BEGIN
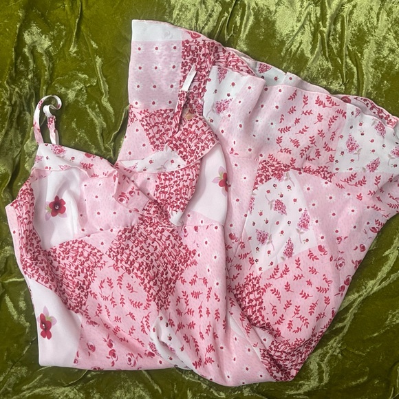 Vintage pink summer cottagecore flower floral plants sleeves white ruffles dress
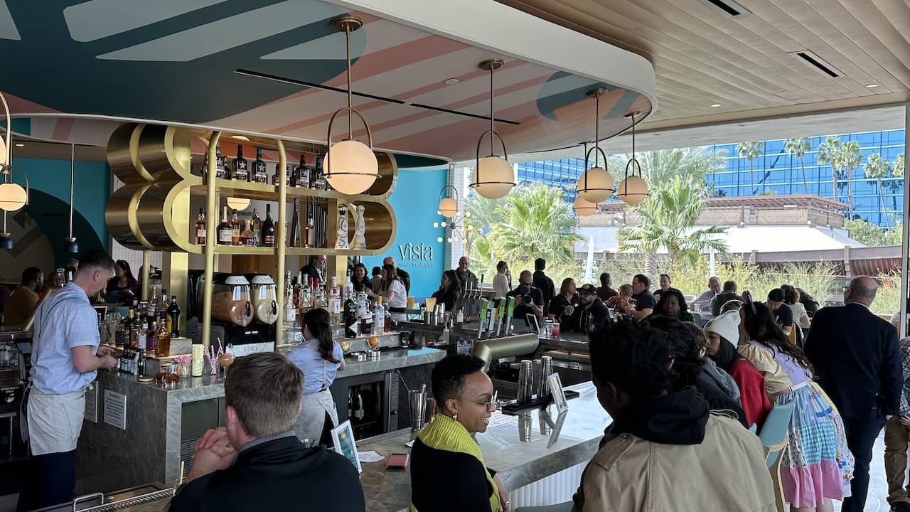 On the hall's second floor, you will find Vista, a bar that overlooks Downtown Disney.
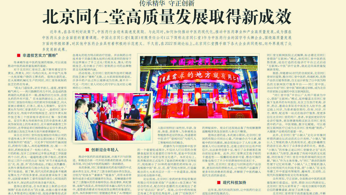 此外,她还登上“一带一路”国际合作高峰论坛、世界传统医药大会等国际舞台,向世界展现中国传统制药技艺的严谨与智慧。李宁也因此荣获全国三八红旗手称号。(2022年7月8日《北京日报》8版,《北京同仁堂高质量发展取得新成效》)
END
Drop the pictures, then transcribe the lines from the one containing "On the hall's" to the end of the data above, exactly and nothing more.

Your response:
 On the hall's second floor, you will find Vista, a bar that overlooks Downtown Disney.
 此外,她还登上“一带一路”国际合作高峰论坛、世界传统医药大会等国际舞台,向世界展现中国传统制药技艺的严谨与智慧。李宁也因此荣获全国三八红旗手称号。(2022年7月8日《北京日报》8版,《北京同仁堂高质量发展取得新成效》)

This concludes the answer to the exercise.